## YOUR GOAL
In the entries below, begin at the line that has "[Brand] GUCCI [Type]" and stop after the line that has "Банка томатного смузи"; output those lines exactly, leaving out pictures.

## GIVEN DATA
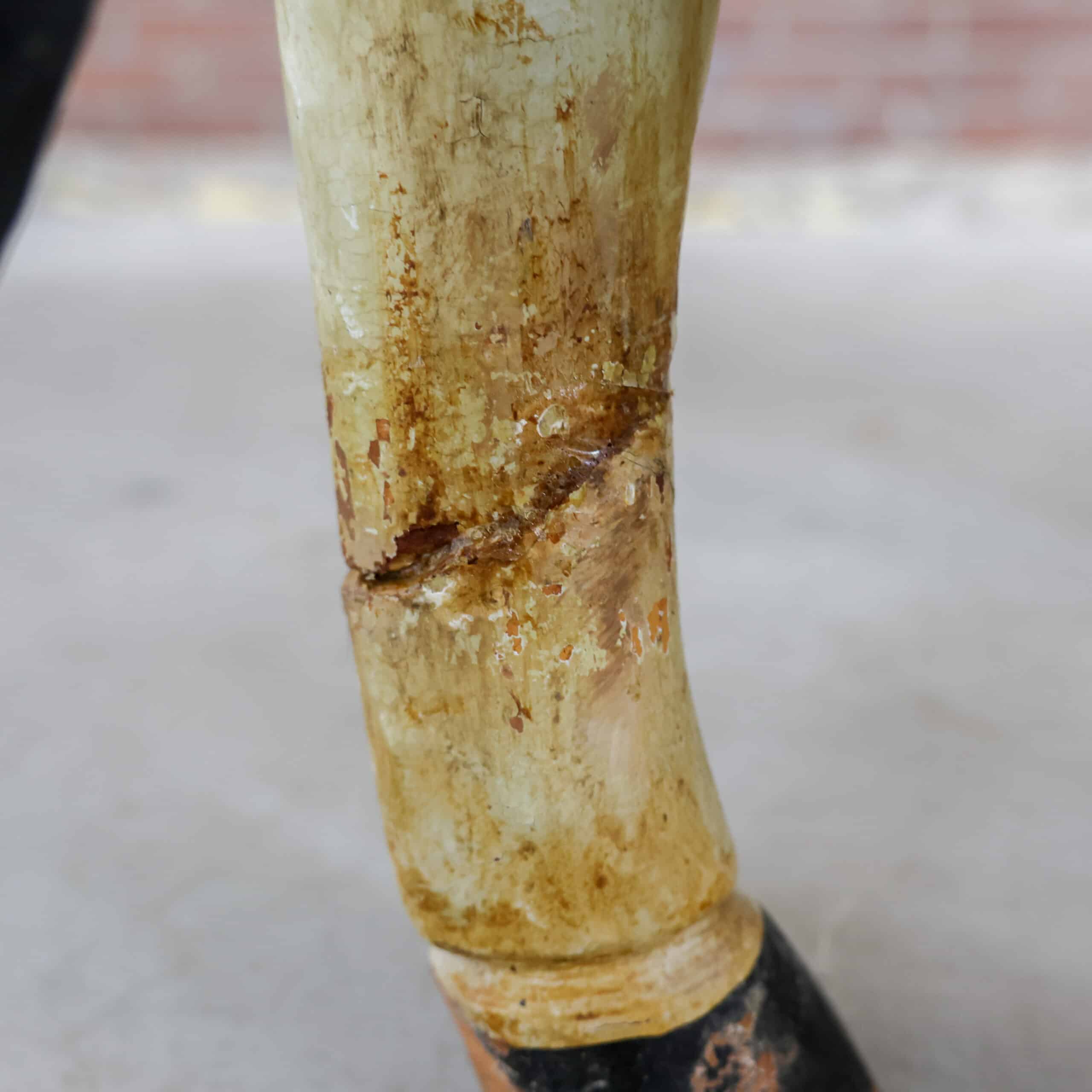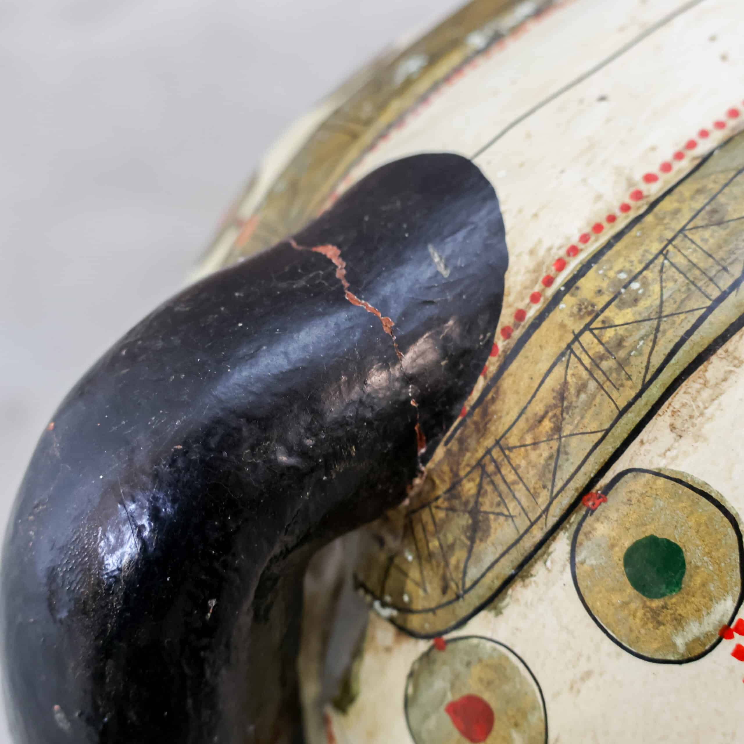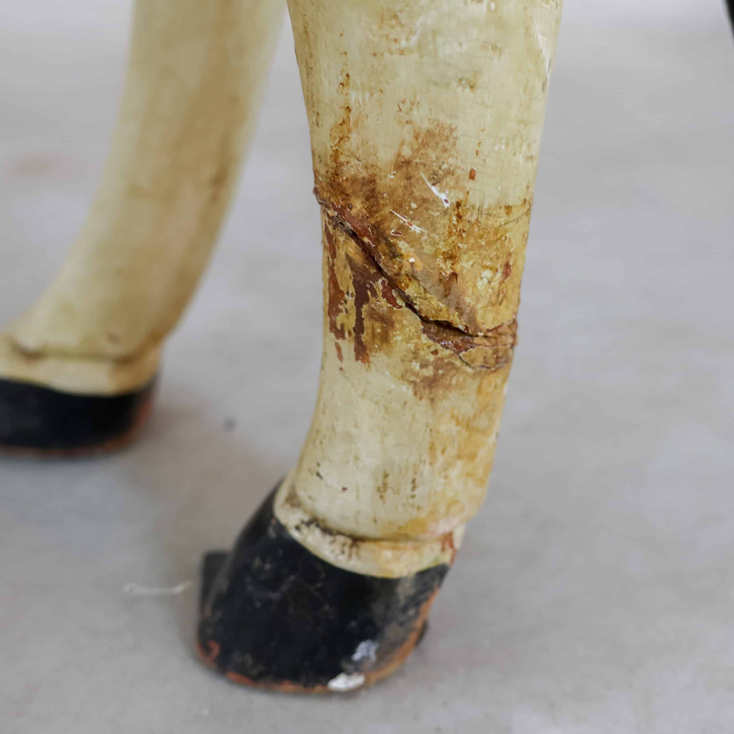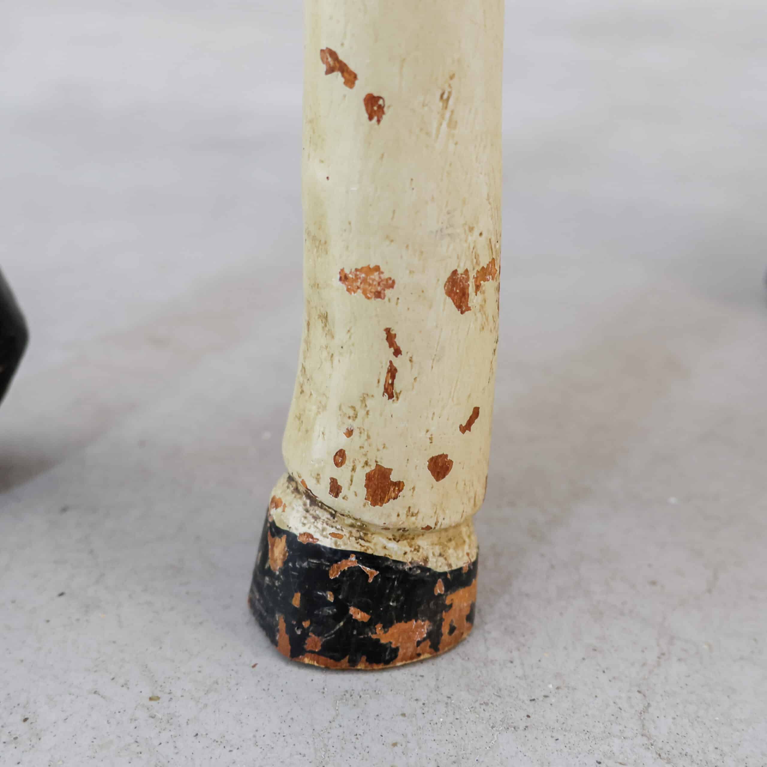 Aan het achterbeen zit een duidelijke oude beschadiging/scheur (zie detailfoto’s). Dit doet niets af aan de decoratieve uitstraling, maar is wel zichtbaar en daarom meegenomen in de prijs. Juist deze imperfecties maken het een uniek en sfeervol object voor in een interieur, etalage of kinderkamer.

* * *

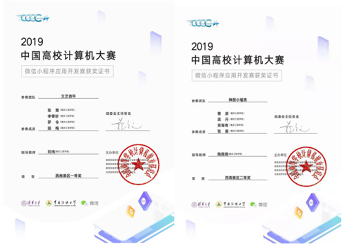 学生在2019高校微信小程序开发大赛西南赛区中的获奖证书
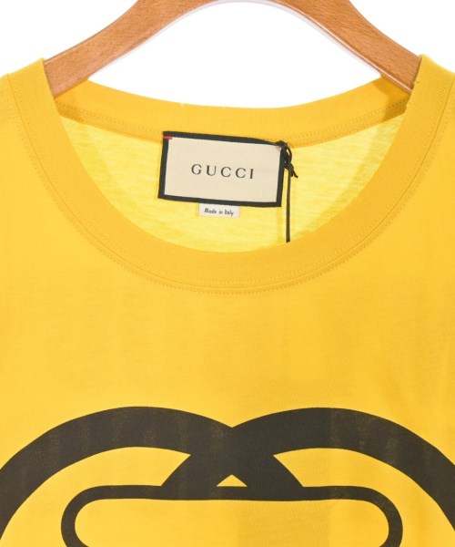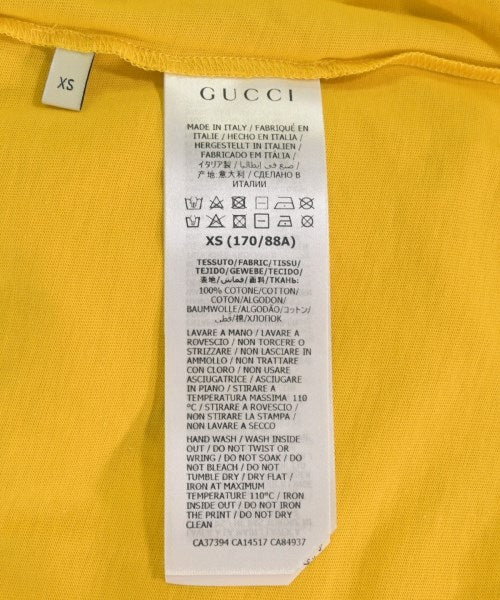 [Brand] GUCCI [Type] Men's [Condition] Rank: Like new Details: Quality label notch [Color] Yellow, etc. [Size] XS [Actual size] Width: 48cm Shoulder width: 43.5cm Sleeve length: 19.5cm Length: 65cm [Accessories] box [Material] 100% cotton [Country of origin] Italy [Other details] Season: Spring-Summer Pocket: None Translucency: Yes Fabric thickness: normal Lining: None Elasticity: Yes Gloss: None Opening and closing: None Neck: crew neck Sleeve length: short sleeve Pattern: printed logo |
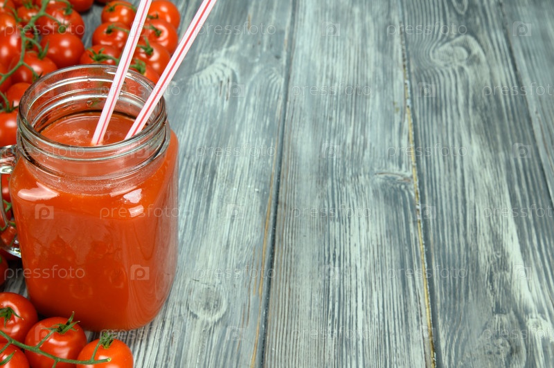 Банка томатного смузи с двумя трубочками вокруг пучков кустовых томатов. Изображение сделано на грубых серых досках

* * *

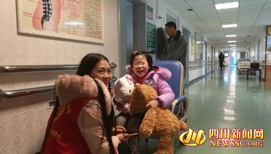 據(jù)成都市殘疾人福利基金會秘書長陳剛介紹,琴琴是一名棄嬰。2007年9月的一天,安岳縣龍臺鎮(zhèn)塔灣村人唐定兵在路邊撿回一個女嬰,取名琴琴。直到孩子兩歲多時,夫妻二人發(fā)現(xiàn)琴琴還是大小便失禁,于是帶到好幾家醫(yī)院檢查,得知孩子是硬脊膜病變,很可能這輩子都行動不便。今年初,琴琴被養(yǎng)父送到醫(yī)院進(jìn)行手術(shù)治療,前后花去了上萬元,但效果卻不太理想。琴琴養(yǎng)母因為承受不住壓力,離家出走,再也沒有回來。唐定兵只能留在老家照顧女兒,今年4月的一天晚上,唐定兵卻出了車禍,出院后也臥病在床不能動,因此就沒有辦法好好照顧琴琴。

## YOUR SOLUTION
 [Brand] GUCCI [Type] Men's [Condition] Rank: Like new Details: Quality label notch [Color] Yellow, etc. [Size] XS [Actual size] Width: 48cm Shoulder width: 43.5cm Sleeve length: 19.5cm Length: 65cm [Accessories] box [Material] 100% cotton [Country of origin] Italy [Other details] Season: Spring-Summer Pocket: None Translucency: Yes Fabric thickness: normal Lining: None Elasticity: Yes Gloss: None Opening and closing: None Neck: crew neck Sleeve length: short sleeve Pattern: printed logo |
 Банка томатного смузи с двумя трубочками вокруг пучков кустовых томатов. Изображение сделано на грубых серых досках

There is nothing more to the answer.